Last week, Moderna’s stocks skyrocketed 30 percent after the media touted the company’s announcement that eight participants in its coronavirus vaccine trial had elicited neutralizing antibodies after receiving the mRNA vaccine as a cure for the pandemic. The Dow shot up over 900 points in the resulting stock market frenzy, and Moderna’s stock rose to a peak of $87 per share before it settled at above $80 on closing. The company’s value swelled to $29 billion despite not having had any products in the markets to date.
Over the weekend, CNN Business reported that Moderna’s chief financial officer, Lorence Kim, “exercised 241,000 options for $3 million on Monday. He then immediately sold them for $19.8 million, creating a profit of $16.8 million.” In a similar maneuver, Moderna’s chief medical officer, Tal Zaks, spent $1.5 million on options, then immediately sold the shares back for $9.77 million, netting a profit of $8.2 million.
These payoffs are dwarfed, however, by the killing made by CEO Stéphane Bancel, who had already become a billionaire in March, while the global economy was facing an implosion, based on the valuation of his nine percent stake in the publicly-traded company.
Notwithstanding the parasitic and avaricious behavior of these senior executives, these maneuvers do not appear to raise any legal red flags. In actuality, these actions are considered typical. Charles Whitehead, professor at Cornell Law School, said, “On its face, there is nothing wrong with these trades. It’s what a 10b5-1 plan is intended for, assuming the requirements are met.” The plan, created under the Securities and Exchange Act of 1934, allows major holders to sell a predetermined number of shares at a predetermined time. Corporate executives use this plan to avoid accusations of insider trading.
The CNN report confirms that the release of the “premature data” was designed and intended to raise the share price of Moderna’s stock so that executives could cash in during the period of euphoria. Since Moderna was first established in 2010, the business model of this biotech firm has been based on speculation and promises that it will produce a vaccine for a number of viruses—Zika, respiratory syncytial virus, influenza, to name a few. Moderna has yet to deliver on any of its grandiose claims.
The claims in relation to COVID-19, while couched in technical and business jargon, were equally sweeping.
“These interim Phase 1 data, while early, demonstrate that vaccination with mRNA-1273 elicits an immune response of the magnitude caused by natural infection starting with a dose as low as 25 [micrograms (mcg)],” said Tal Zaks, multi-millionaire Chief Medical Officer at Moderna. “When combined with the success in preventing viral replication in the lungs of a pre-clinical challenge model at a dose that elicited similar levels of neutralizing antibodies, these data substantiate our belief that mRNA-1273 has the potential to prevent COVID-19 disease and advance our ability to select a dose for pivotal trials.”

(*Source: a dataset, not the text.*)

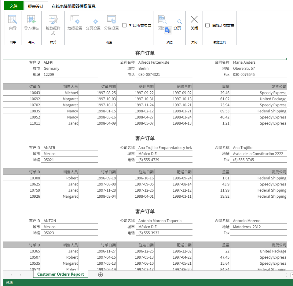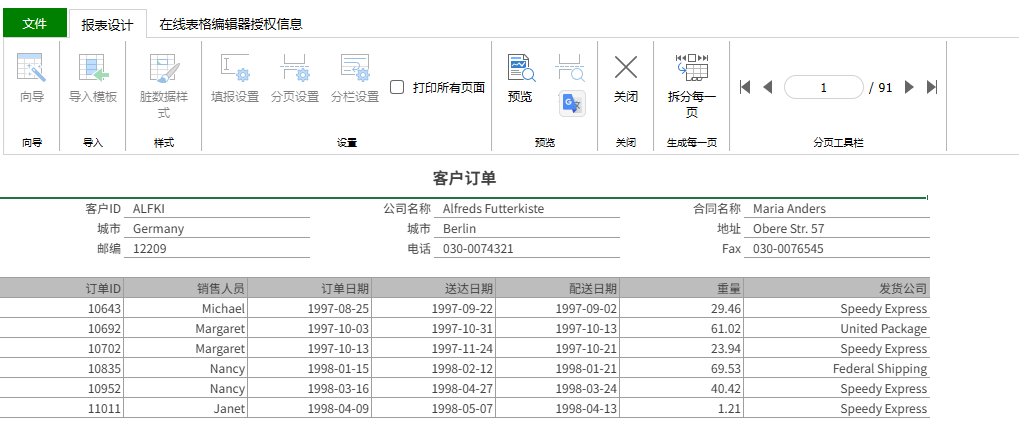 客户订单表 报表主体存在一对多关系; 只需设计一个报表模版,根据数据源可扩展出多个不同的客户订单表; 不同订单表需要支持分页展示。 |

“With today’s positive interim Phase 1 data and the positive data in the mouse challenge model, the Moderna team continues to focus on moving as fast as safely possible to start our pivotal Phase 3 study in July and, if successful, file a BLA,” said CEO Bancel, referring to a Biologics License Application. “We are investing to scale up manufacturing so we can maximize the number of doses we can produce to help protect as many people as we can from SARS-CoV-2.”
The real goal, however, is not to “help protect as many people as we can,” but rather to make as much money as possible, as fast as possible, regardless of the consequences for test subjects, future patients, or the world as a whole.
Bancel’s claim of a summer start contradicts the fall 2020 start noted in the Biomedical Advanced Research and Development Authority (BARDA) contract with Moderna. BARDA is a division of the US Department of Health and Humans Services Office of the Assistant Secretary for Preparedness and Response.
And not more than 36 hours had passed before the initial euphoria had subsided, and more sober analysts began to pick through the sparse press release data provided to the media. Moderna’s stocks began a downward slide to close at $67 a share.
Moderna’s vaccine trial claim
On Monday, May 18, Moderna announced, “After two doses, all participants evaluated to date across the 25-mcg and 100-mcg dose cohorts seroconverted with binding antibody levels at or above levels seen in convalescent sera. mRNA-1273 elicited neutralizing antibody titer levels in all eight initial participants across the 25-mcg and 100 mcg dose cohorts, reaching or exceeding neutralizing antibody titers generally seen in convalescent sera.” They then prefaced these remarks with “mRNA provided full protection against viral replication in the lungs in a mouse challenge model” to cover for the lack of any real clinical relevance to their press release.
The next day, STAT News wrote, “the NIAID [National Institute of Allergy and Infectious Diseases] did not put out a press release Monday and declined to provide comment on Moderna’s announcement … the report of neutralizing antibodies in subjects who were vaccinated comes from blood drawn two weeks after they received their second dose of vaccine. Two weeks, ‘that’s very early. We don’t know if those antibodies are durable,’ said Anna Durbin, a vaccine researcher at Johns Hopkins University.” STAT also questioned the statement that levels of antibodies seen were at or above the levels of the sera of recovered patients. They wrote, “among 175 recovered COVID-19 patients studied, 10 had no detectable neutralizing antibodies.”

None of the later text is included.